> _Given data_
----------------------------------------

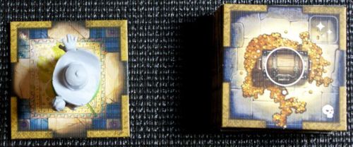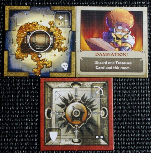 Примеры тайлов: слева - стандартный. Справа - проклятие. Внизу - ловушка; ее можно дезактивировать, выложив в комнату кубики с символами щита и дальнего боя, за дезактивацию герой получит 2 опыта (две точки). Соответственно за вскрытие сундука он получит 1 опыт (одна точка)
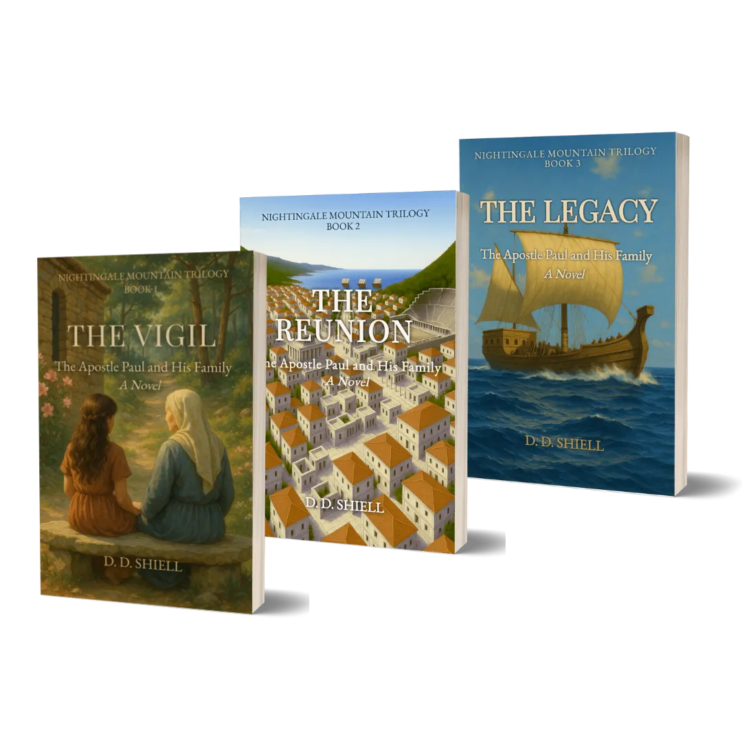 From the hills of Ephesus to the heart of Rome, the Nightingale Mountain Trilogy follows the Apostle Paul and his family through betrayal, reconciliation, and enduring faith. In The Vigil, Rachel’s quiet life unravels as secrets and persecution force her to confront the past. In The Reunion, estranged father and daughter wrestle with forgiveness and love. In The Legacy, a new generation carries the torch of faith in the face of Rome’s power. A sweeping saga of family, sacrifice, and the earliest followers of Jesus.
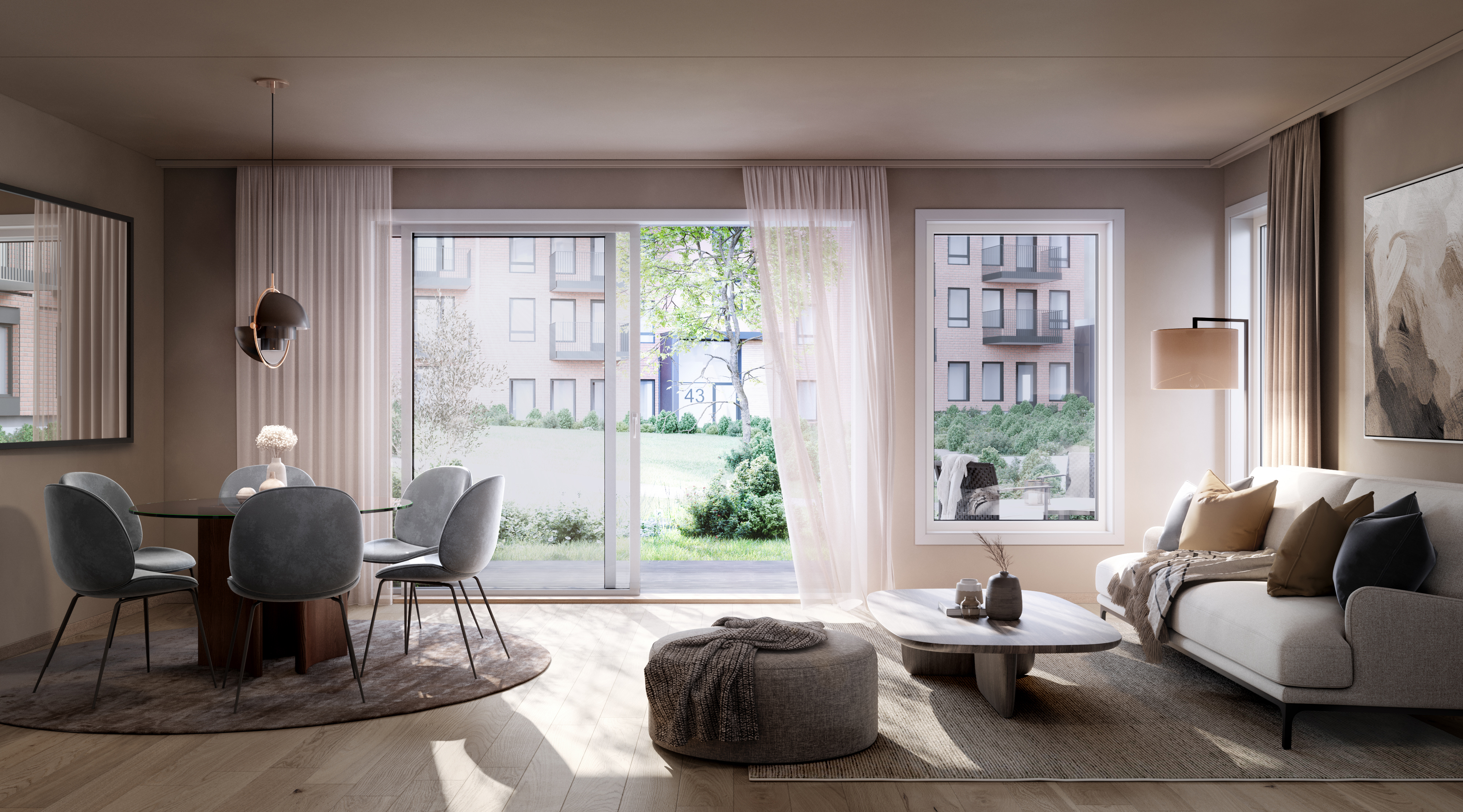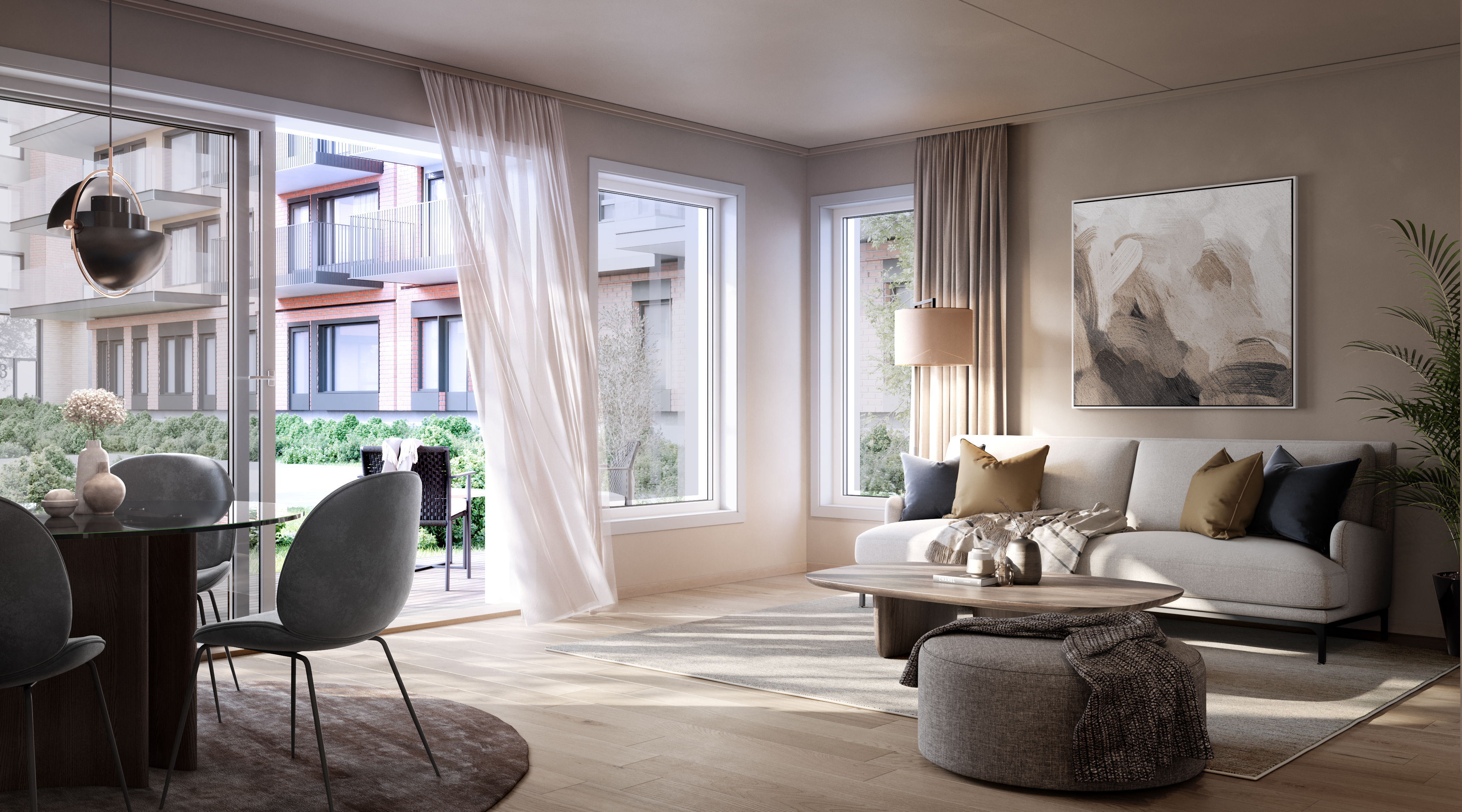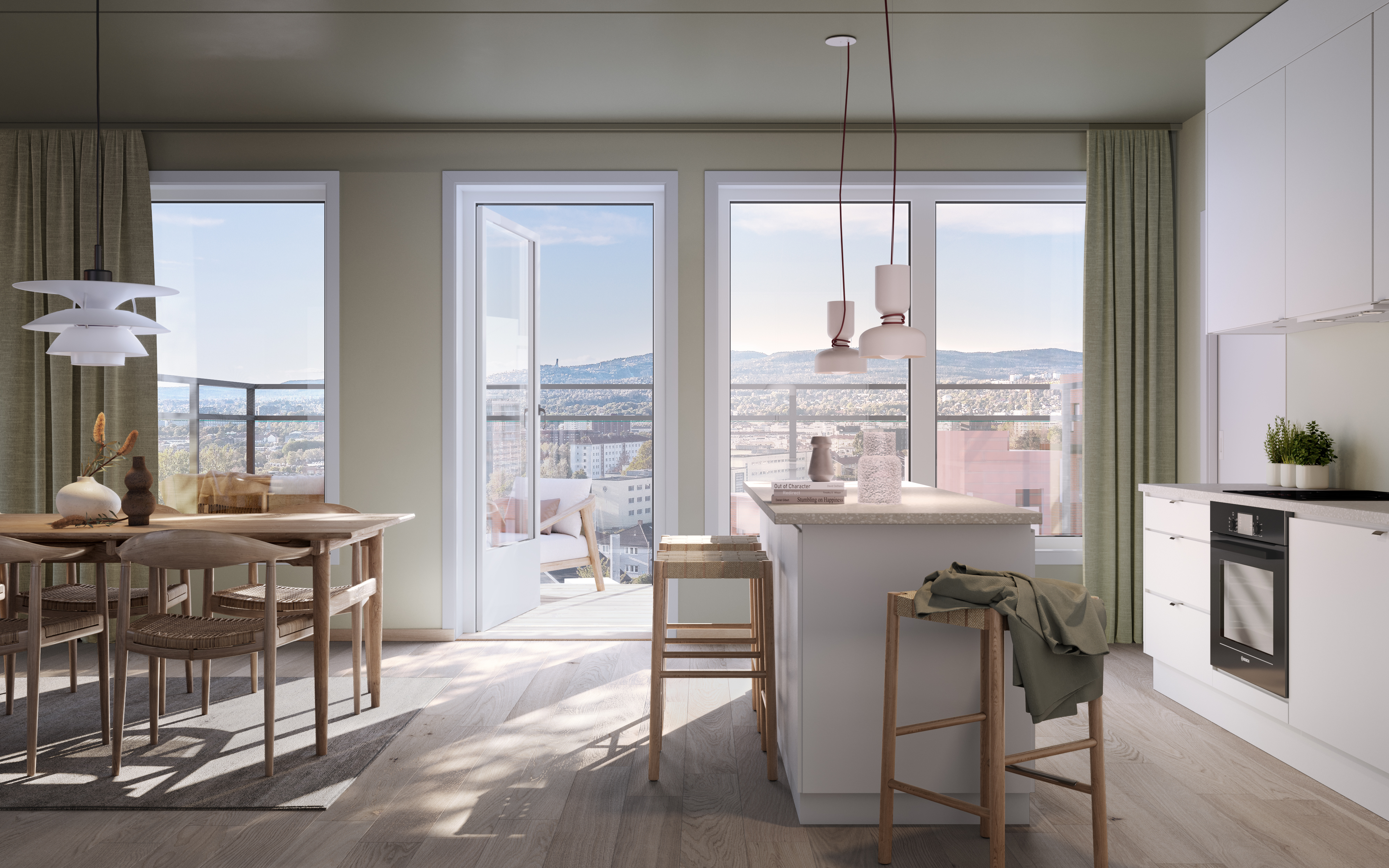 Interaktiv modell med sol og utsikt

----------------------------------------

> _Required action_
Your task is to retype the listing exactly, without its pictures.

> _Solution to this exercise_
 Примеры тайлов: слева - стандартный. Справа - проклятие. Внизу - ловушка; ее можно дезактивировать, выложив в комнату кубики с символами щита и дальнего боя, за дезактивацию герой получит 2 опыта (две точки). Соответственно за вскрытие сундука он получит 1 опыт (одна точка)
 From the hills of Ephesus to the heart of Rome, the Nightingale Mountain Trilogy follows the Apostle Paul and his family through betrayal, reconciliation, and enduring faith. In The Vigil, Rachel’s quiet life unravels as secrets and persecution force her to confront the past. In The Reunion, estranged father and daughter wrestle with forgiveness and love. In The Legacy, a new generation carries the torch of faith in the face of Rome’s power. A sweeping saga of family, sacrifice, and the earliest followers of Jesus.
 Interaktiv modell med sol og utsikt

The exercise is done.